The exciting thing was not what these automata did. It was the moment they started to do it – the sudden stirring of the silent and still and fixed and rigid into arthritic, juddering life. A few movements but no more. Mum and dad could nod their heads, but only nod them so far. They were trapped inside the smallest of moments. No wonder really that I have not thought of this family in years. But now Déraciné is here, and I thought about them constantly while playing.

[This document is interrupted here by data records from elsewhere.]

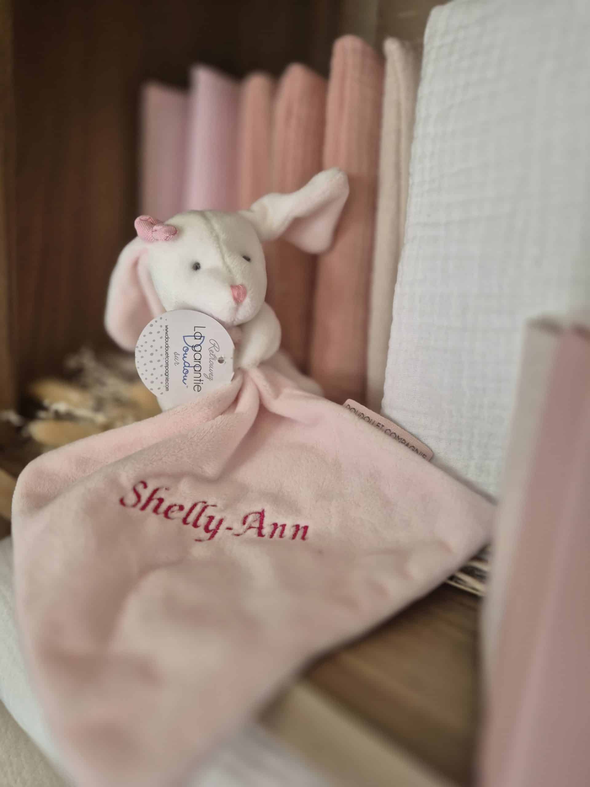 Ce doudou comme tout ses copains est personnalisable avec le prénom de votre choix en broderie
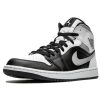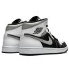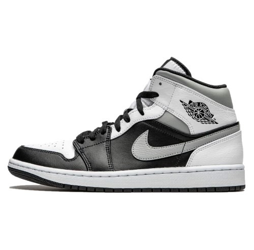 The Air Jordan 1 Mid OG White Shadow is another colourway from the original Michael Jordan’s first signature shoe. A ‘white shadow’ can be seen on the upper with white leather on the perforated toe, upper eyelets, collar overlay and heel. Also, a variety of smooth black leather is located on the forefoot overlay and mid-panel. Light Smoke Grey Swoosh branding appears on the sides and a black leather “Wings” logo resides on the collar. A white Jumpman emblem can be found on the black nylon tongue tag stitched onto the white nylon tongue.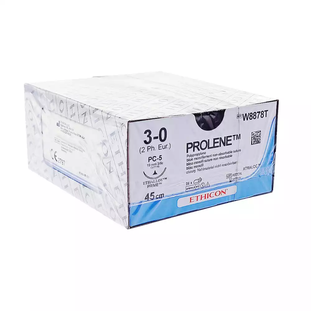 Пролен 3/0, длина 45см, игла режущая 19мм, синий, упаковка 24шт, W8878T, ETHICON
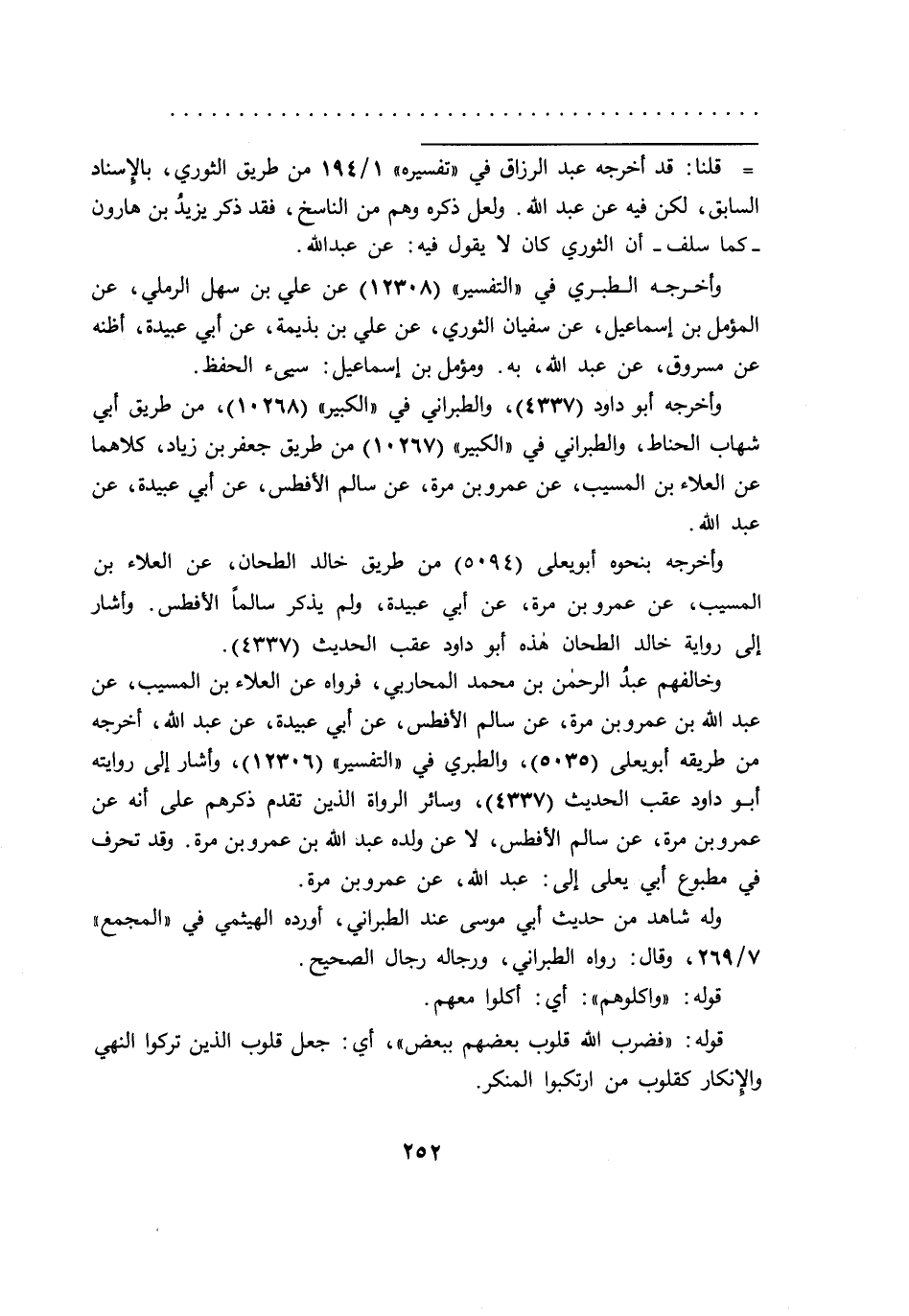 وخالفهم عبد الرحمن بن محمد المحاربي، فرواه عن العلاء بن المسيب، عن عبد الله بن عمرو بن مرة، عن سالم الأفطس، عن أبي عبيدة، عن عبد الله، أخرجه من طريقه أبو يعلى (٥٠٣٥) ، والطبري في "التفسير" (١٢٣٠٦) ، وأشار إلى روايته أبو داود عقب الحديث (٤٣٣٧) ، وسائر الرواة الذين تقدم ذكرهم على أنه عن عمرو بن مرة، عن سالم الأفطس، لا عن ولده عبد الله بن عمرو بن مرة. وقد تحرف في مطبوع أبي يعلى إلى: عبد الله، عن عمرو بن مرة.

Déraciné is filled with dioramas that come to life, only to perform the tiniest of actions: a bow, the opening of eyes, the lifting of a cap to reveal a bright key underneath. Pull on the PSVR helmet and find yourself two Move controllers, one for each hand. Enter the silent grounds of this old school where a handful of Victorian children live under the blank gaze of a master. This world is very physical, because, once you’re wearing the headset, the place looms around you: ornithology prints, rucks in the carpet, stacks of books and dusty windows. Often, when wandering about, hopping, so as to avoid motion sickness, from one glowing spot to the next, and using face buttons to change directions, you will come upon one of the children, or a golden ghost of them suggesting a past moment, not long since elapsed. They will be very still, fixed and rigid, and then you will investigate and find the little glowing orb that triggers a memory. Maybe they will move a little: a lean, a gasp. They will speak a few words and, from one instance to the next, a story will emerge. Over the course of the four or five hours it takes to play through Déraciné, you will come to know all these children, their quirks, their individual fears and strengths. You will help to prod them through a narrative that’s filled with unusual turns and surprising boundaries between what is possible and impossible, what is in and out of the fictional ruleset. But these children remain automata in the most atmospheric way: unconvincing 3D models, weird hair and teeth, dead eyes, something wrong in the weightless posing of the limbs. Déraciné did not cost too much money to make, perhaps. Perhaps that’s it. But it has also minted a lovely kind of creepiness from its staginess and what I initially perceived as its shortcomings.